**THE RECORDS**
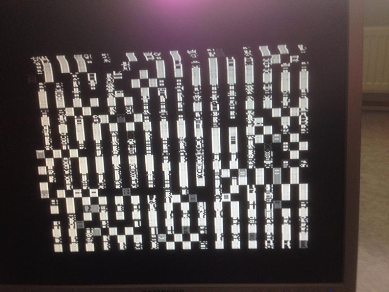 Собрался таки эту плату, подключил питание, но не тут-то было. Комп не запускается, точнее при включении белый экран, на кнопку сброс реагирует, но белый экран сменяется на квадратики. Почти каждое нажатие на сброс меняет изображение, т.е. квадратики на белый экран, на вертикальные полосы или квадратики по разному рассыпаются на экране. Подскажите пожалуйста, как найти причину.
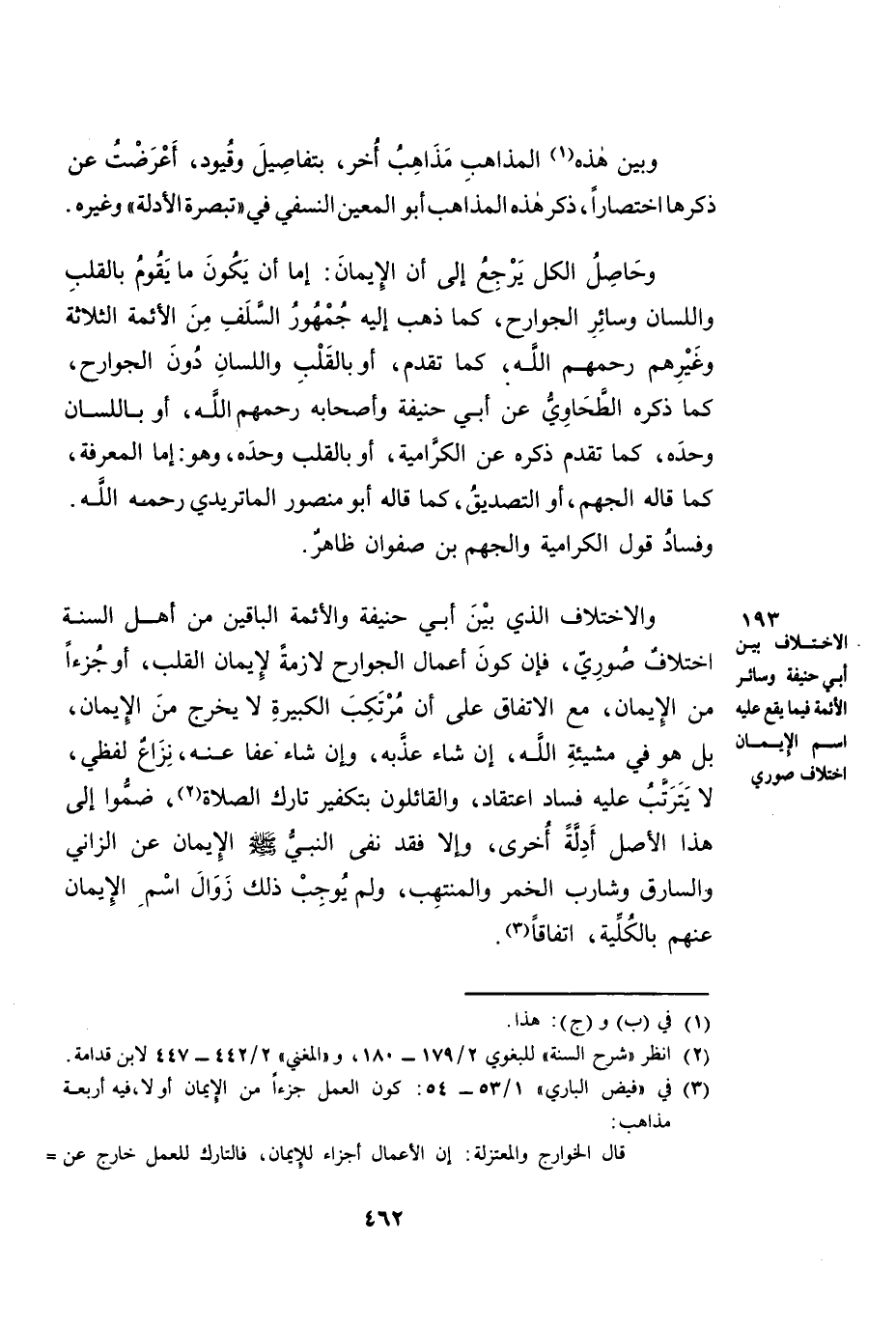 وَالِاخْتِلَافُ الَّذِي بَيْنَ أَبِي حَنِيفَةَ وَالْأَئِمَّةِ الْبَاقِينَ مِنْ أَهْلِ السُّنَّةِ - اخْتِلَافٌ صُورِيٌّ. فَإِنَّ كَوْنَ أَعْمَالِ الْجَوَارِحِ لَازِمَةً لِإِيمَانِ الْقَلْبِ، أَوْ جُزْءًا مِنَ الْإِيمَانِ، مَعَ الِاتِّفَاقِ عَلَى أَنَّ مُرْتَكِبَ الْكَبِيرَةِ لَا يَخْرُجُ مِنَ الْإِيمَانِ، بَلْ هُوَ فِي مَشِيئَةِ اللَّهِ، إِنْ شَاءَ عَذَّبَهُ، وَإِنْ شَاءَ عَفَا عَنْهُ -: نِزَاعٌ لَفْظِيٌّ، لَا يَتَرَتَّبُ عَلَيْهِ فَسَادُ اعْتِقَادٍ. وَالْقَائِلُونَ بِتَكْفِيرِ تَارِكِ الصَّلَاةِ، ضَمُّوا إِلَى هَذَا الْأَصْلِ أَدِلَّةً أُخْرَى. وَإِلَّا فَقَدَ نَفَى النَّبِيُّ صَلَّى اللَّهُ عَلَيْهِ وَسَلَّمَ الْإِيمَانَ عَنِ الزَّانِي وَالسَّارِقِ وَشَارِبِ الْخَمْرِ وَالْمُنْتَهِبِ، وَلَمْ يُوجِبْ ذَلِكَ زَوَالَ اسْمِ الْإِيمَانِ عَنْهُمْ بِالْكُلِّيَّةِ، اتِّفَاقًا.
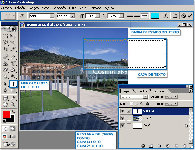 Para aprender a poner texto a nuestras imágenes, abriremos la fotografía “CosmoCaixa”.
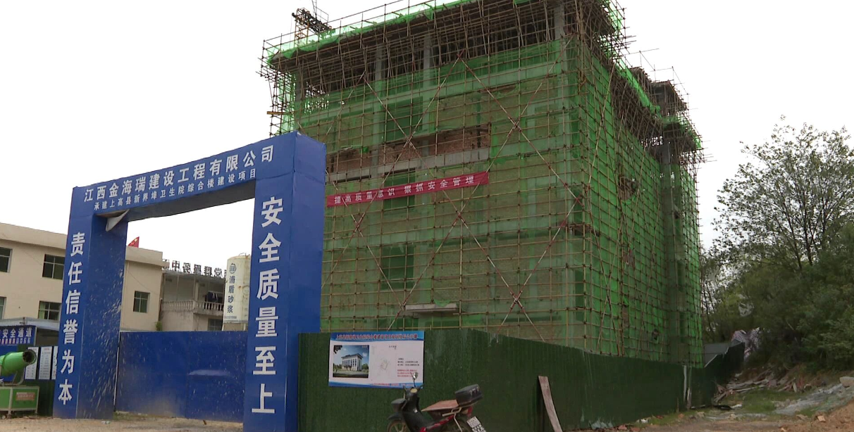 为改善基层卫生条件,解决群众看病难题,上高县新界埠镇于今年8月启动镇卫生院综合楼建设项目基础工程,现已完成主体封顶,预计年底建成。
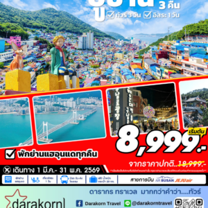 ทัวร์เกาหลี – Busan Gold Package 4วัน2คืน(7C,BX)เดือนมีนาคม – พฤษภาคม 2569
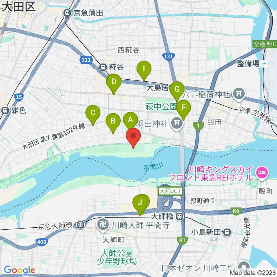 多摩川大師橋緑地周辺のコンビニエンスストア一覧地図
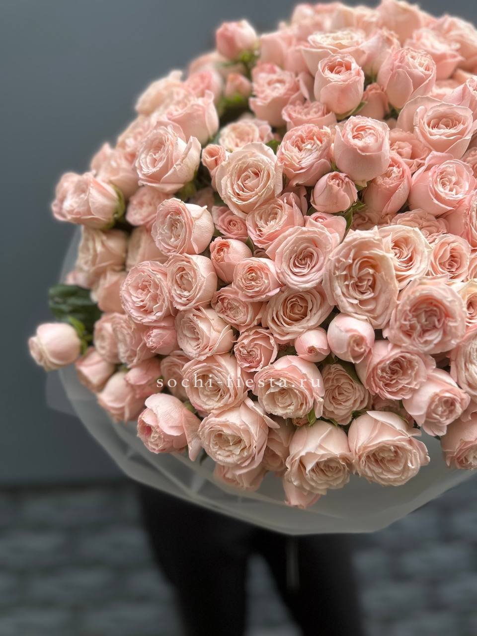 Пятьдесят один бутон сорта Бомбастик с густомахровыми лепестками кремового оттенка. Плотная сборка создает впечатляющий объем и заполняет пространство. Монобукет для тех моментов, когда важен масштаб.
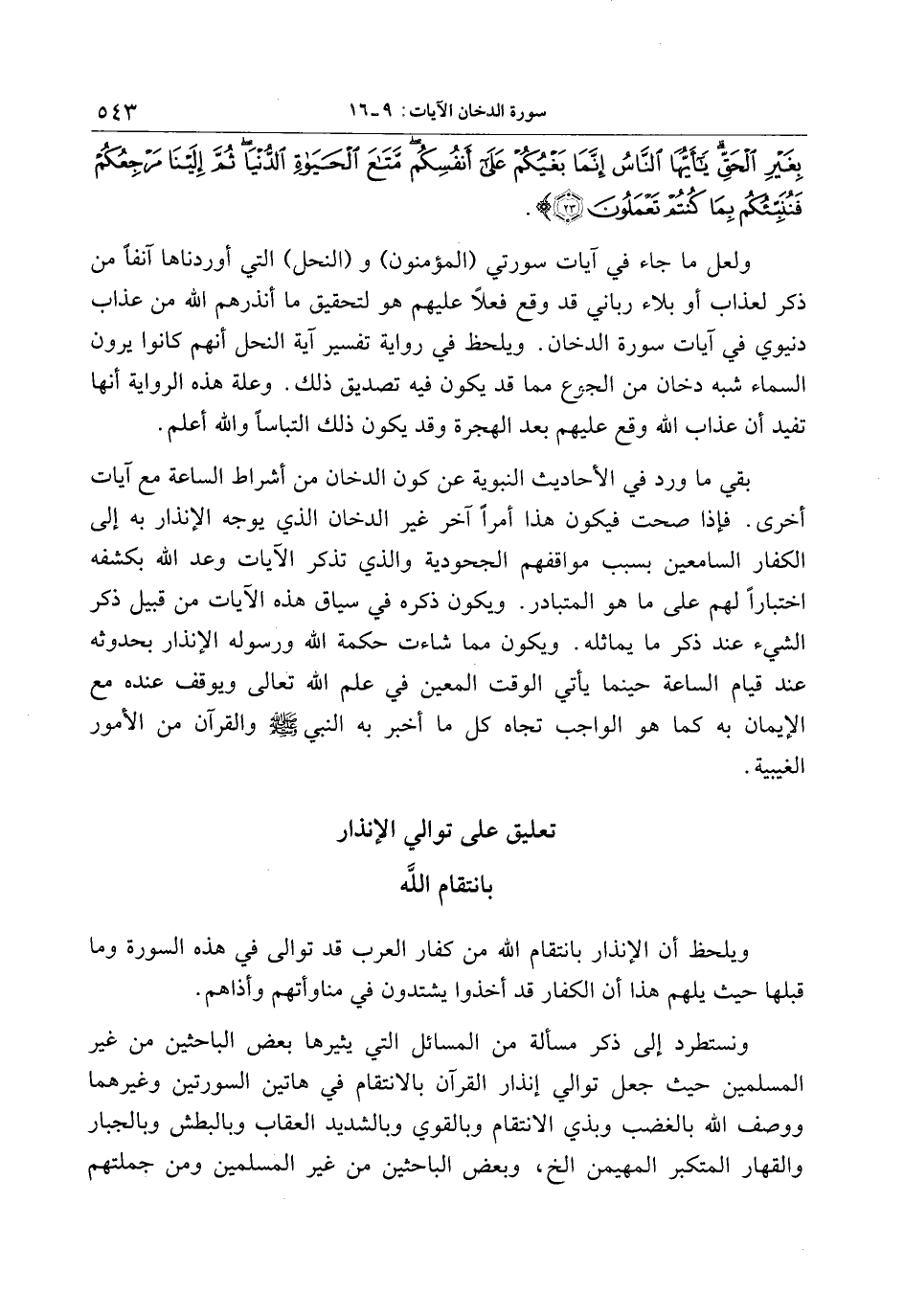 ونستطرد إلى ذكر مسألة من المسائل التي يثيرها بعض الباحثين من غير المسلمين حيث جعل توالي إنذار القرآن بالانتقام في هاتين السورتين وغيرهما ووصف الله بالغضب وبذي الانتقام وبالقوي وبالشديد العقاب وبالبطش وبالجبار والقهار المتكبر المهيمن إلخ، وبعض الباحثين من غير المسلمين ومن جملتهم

**WHAT IS REQUIRED**
Every record above should be transcribed exactly; the pictures stay out of the copy.

**SOLUTION TO THIS PROBLEM**
 Собрался таки эту плату, подключил питание, но не тут-то было. Комп не запускается, точнее при включении белый экран, на кнопку сброс реагирует, но белый экран сменяется на квадратики. Почти каждое нажатие на сброс меняет изображение, т.е. квадратики на белый экран, на вертикальные полосы или квадратики по разному рассыпаются на экране. Подскажите пожалуйста, как найти причину.
 وَالِاخْتِلَافُ الَّذِي بَيْنَ أَبِي حَنِيفَةَ وَالْأَئِمَّةِ الْبَاقِينَ مِنْ أَهْلِ السُّنَّةِ - اخْتِلَافٌ صُورِيٌّ. فَإِنَّ كَوْنَ أَعْمَالِ الْجَوَارِحِ لَازِمَةً لِإِيمَانِ الْقَلْبِ، أَوْ جُزْءًا مِنَ الْإِيمَانِ، مَعَ الِاتِّفَاقِ عَلَى أَنَّ مُرْتَكِبَ الْكَبِيرَةِ لَا يَخْرُجُ مِنَ الْإِيمَانِ، بَلْ هُوَ فِي مَشِيئَةِ اللَّهِ، إِنْ شَاءَ عَذَّبَهُ، وَإِنْ شَاءَ عَفَا عَنْهُ -: نِزَاعٌ لَفْظِيٌّ، لَا يَتَرَتَّبُ عَلَيْهِ فَسَادُ اعْتِقَادٍ. وَالْقَائِلُونَ بِتَكْفِيرِ تَارِكِ الصَّلَاةِ، ضَمُّوا إِلَى هَذَا الْأَصْلِ أَدِلَّةً أُخْرَى. وَإِلَّا فَقَدَ نَفَى النَّبِيُّ صَلَّى اللَّهُ عَلَيْهِ وَسَلَّمَ الْإِيمَانَ عَنِ الزَّانِي وَالسَّارِقِ وَشَارِبِ الْخَمْرِ وَالْمُنْتَهِبِ، وَلَمْ يُوجِبْ ذَلِكَ زَوَالَ اسْمِ الْإِيمَانِ عَنْهُمْ بِالْكُلِّيَّةِ، اتِّفَاقًا.
 Para aprender a poner texto a nuestras imágenes, abriremos la fotografía “CosmoCaixa”.
 为改善基层卫生条件,解决群众看病难题,上高县新界埠镇于今年8月启动镇卫生院综合楼建设项目基础工程,现已完成主体封顶,预计年底建成。
 ทัวร์เกาหลี – Busan Gold Package 4วัน2คืน(7C,BX)เดือนมีนาคม – พฤษภาคม 2569
 多摩川大師橋緑地周辺のコンビニエンスストア一覧地図
 Пятьдесят один бутон сорта Бомбастик с густомахровыми лепестками кремового оттенка. Плотная сборка создает впечатляющий объем и заполняет пространство. Монобукет для тех моментов, когда важен масштаб.
 ونستطرد إلى ذكر مسألة من المسائل التي يثيرها بعض الباحثين من غير المسلمين حيث جعل توالي إنذار القرآن بالانتقام في هاتين السورتين وغيرهما ووصف الله بالغضب وبذي الانتقام وبالقوي وبالشديد العقاب وبالبطش وبالجبار والقهار المتكبر المهيمن إلخ، وبعض الباحثين من غير المسلمين ومن جملتهم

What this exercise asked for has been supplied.